- Opening Delimiter -

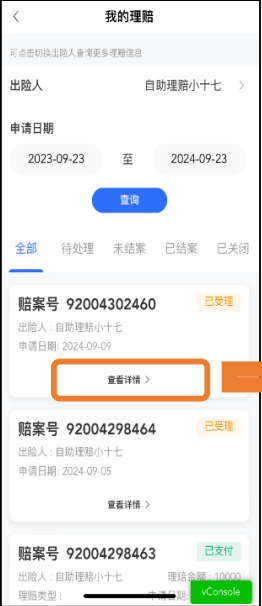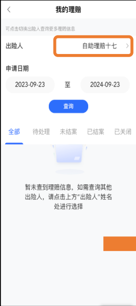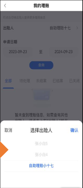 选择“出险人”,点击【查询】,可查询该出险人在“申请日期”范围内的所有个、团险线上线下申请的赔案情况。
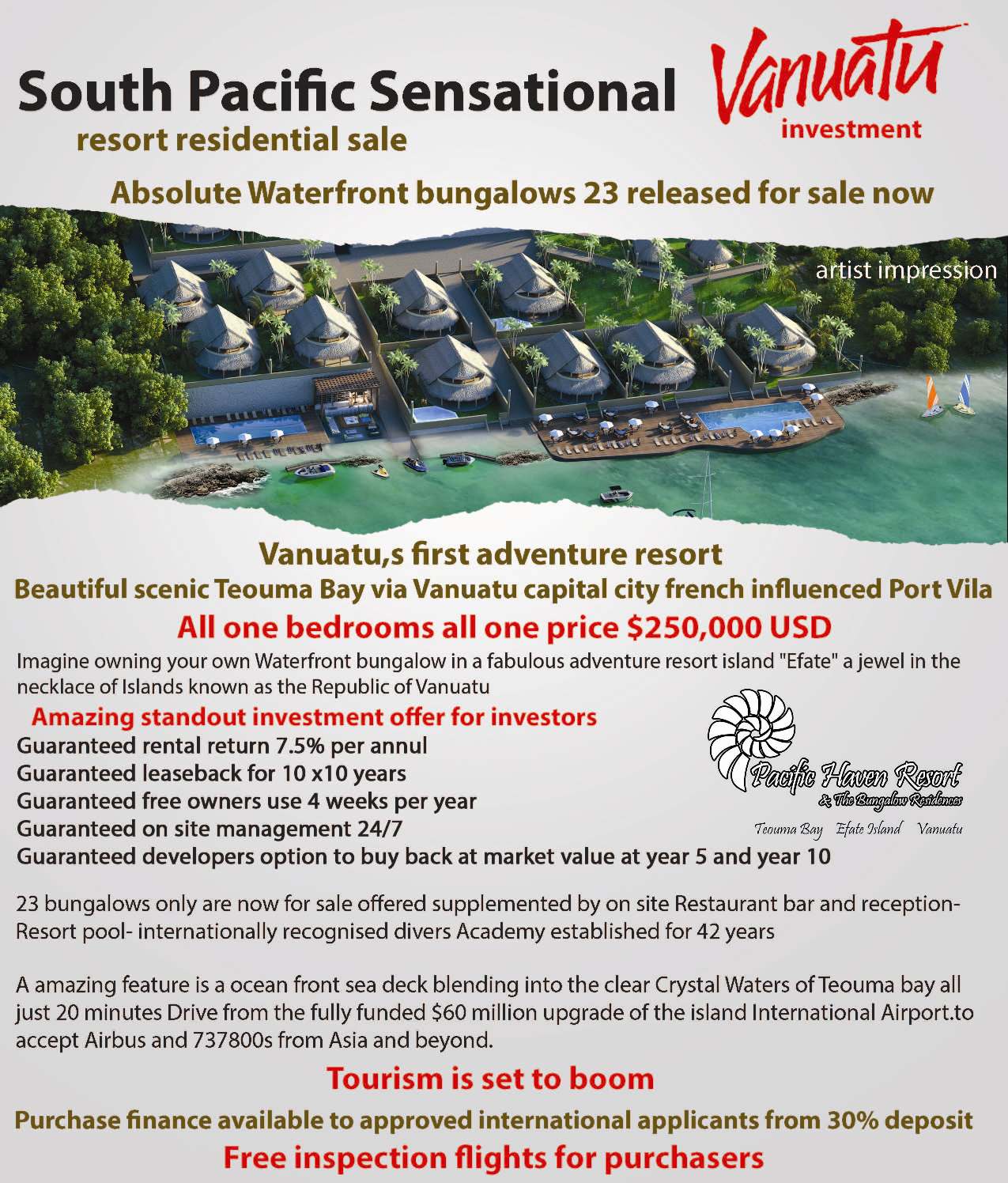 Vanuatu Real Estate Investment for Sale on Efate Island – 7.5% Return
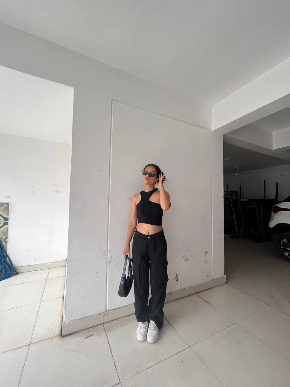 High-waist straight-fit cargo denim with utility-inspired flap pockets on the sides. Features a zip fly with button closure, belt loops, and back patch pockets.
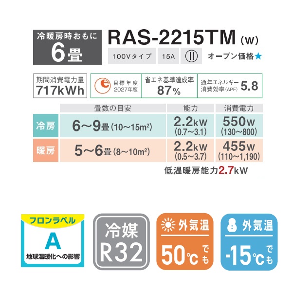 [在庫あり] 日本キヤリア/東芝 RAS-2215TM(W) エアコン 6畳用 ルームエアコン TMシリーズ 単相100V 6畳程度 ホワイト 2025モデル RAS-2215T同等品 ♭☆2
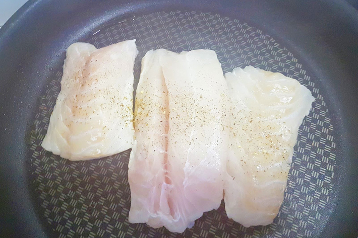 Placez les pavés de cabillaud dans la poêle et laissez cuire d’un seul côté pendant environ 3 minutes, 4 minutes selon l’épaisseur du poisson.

- Closing Delimiter -

Every entry above needs to be printed again exactly, with its pictures left out.

→ **Output below**
 选择“出险人”,点击【查询】,可查询该出险人在“申请日期”范围内的所有个、团险线上线下申请的赔案情况。
 Vanuatu Real Estate Investment for Sale on Efate Island – 7.5% Return
 High-waist straight-fit cargo denim with utility-inspired flap pockets on the sides. Features a zip fly with button closure, belt loops, and back patch pockets.
 [在庫あり] 日本キヤリア/東芝 RAS-2215TM(W) エアコン 6畳用 ルームエアコン TMシリーズ 単相100V 6畳程度 ホワイト 2025モデル RAS-2215T同等品 ♭☆2
 Placez les pavés de cabillaud dans la poêle et laissez cuire d’un seul côté pendant environ 3 minutes, 4 minutes selon l’épaisseur du poisson.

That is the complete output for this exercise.